Please see The Diamondback’s 2008-2009 salary guide.Asking for someone’s annual salary is never a comfortable question. Yet, each year, The Diamondback willingly accepts any heat from the campus community to inform its readers of the university’s faculty and staff incomes.
As the university moves toward its goal of becoming one of the nation’s top research institutions, using high salaries to lure in the best faculty will naturally follow. In fact, a study from the American Association of University Professors recently ranked this university’s professors among the highest paid at public universities across the country.

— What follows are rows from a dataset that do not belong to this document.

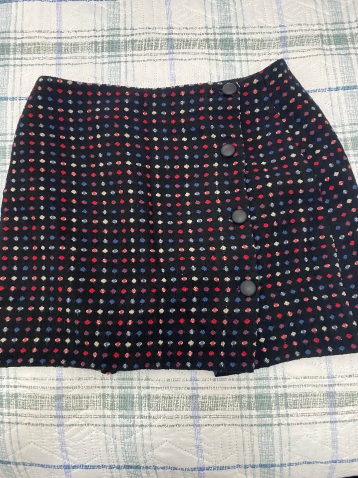 Bu dar kesim mini etek, çok renkli puanlı desenli koyu renkli tekstil kumaştan yapılmıştır ve yan tarafında düğme detayları vardır. Paris tarzında günlük sokak giyimi için uygundur.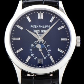 SA급 파텍필립 남성용 신형!!컴플리케이션 5396R-014 에뉴얼 캘린더 데이-데이트 문페이즈 바게트 컷 다이아몬드 인덱스 네이비 다이얼 Cal.324 S C 오토매틱 무브먼트 PAT0101 xx > 파텍필립 레플리카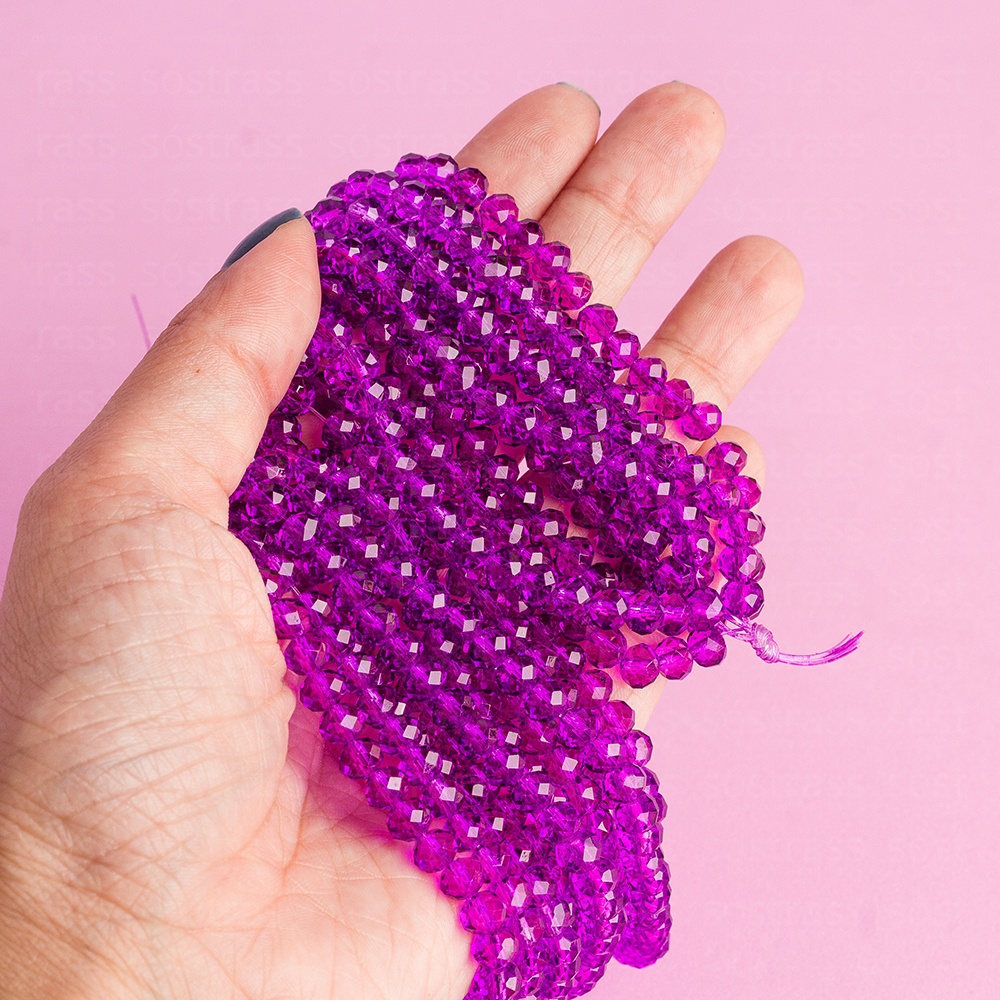 Fio de Cristal Facetado 6mm Lilás. 10 Fios – 830 Peças

By printing a university-generated database of salaries, The Diamondback allows you, the reader, to determine whether the university’s investment is well spent. After all, the tax and tuition dollars students and parents pay each year pad the pockets of the people named in this publication.

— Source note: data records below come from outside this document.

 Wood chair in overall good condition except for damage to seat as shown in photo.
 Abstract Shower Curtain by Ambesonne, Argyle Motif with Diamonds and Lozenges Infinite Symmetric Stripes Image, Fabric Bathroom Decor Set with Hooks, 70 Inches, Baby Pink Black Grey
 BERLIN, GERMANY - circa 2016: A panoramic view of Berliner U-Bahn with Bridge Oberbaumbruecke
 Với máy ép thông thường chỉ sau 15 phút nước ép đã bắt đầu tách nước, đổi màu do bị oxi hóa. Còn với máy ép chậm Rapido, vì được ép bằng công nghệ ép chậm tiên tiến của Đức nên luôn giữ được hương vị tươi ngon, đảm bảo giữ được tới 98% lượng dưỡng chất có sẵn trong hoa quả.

On the following pages, you will see the salaries of university President Dan Mote and men’s basketball coach Gary Williams climbed 7 percent each this year to $431,900 and $381,840.19, respectively. The university’s highest-paid full-time professor, Michel Wedel, a marketing professor in the business school, took home $315,000.
With such large quantities of public money being divvied out across the campus, The Diamondback firmly believes full disclosure of these numbers, thanks to Maryland’s Public Information Act, is critical to ensuring transparency. But with such raw data must come a bit of context.

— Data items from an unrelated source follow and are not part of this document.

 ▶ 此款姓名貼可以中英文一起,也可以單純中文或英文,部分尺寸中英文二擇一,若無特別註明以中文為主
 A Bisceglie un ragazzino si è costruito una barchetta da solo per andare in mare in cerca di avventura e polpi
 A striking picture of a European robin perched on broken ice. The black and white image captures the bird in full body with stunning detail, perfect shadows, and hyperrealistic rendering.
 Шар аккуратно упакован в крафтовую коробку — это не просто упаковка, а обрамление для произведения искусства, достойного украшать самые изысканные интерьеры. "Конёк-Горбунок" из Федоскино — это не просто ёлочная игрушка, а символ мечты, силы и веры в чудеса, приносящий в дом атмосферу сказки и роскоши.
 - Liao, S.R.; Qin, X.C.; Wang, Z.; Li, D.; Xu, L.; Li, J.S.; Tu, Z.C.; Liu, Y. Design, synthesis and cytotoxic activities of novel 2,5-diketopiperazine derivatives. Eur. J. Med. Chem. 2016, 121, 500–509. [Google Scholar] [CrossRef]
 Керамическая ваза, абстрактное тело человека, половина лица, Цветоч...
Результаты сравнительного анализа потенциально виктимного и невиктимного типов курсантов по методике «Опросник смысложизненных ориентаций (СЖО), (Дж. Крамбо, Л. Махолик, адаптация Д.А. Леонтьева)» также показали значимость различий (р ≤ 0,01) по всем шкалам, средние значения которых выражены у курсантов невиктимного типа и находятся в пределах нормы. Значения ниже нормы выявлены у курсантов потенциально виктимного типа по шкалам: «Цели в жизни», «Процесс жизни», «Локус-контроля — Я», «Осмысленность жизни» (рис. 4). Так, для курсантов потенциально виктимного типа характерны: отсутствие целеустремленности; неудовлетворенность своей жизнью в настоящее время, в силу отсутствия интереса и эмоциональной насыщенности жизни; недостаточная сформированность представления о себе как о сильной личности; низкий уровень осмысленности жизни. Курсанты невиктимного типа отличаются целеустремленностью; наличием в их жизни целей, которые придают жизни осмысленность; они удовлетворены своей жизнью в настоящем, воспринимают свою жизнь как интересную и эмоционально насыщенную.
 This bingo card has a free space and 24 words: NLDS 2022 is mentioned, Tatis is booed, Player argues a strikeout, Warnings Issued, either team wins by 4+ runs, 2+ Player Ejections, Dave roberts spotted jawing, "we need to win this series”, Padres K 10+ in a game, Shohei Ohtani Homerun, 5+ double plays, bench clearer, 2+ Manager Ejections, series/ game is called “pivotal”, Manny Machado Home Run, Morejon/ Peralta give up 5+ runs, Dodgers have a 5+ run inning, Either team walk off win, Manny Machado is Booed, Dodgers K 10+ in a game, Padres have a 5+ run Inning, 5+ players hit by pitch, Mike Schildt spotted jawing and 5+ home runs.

In previous Salary Guides, editors in chief-elect have reminded readers of the severe cuts higher education sustained at the hands of a cash-strapped state government. This legislative session, however, marks the fourth year the university received funding increases, meaning memories of deep economic hardship may be fading among some members of the campus population. So, as you read through the guide, consider that financial times were not always this good and wise spending may be the key to weathering what many in Annapolis have called an uncertain economy.
Whether you are a student, tenured faculty member or Dining Services employee, flip through the following pages to see how much your professors, peers and bosses rake in each year. The law gives you the right to know.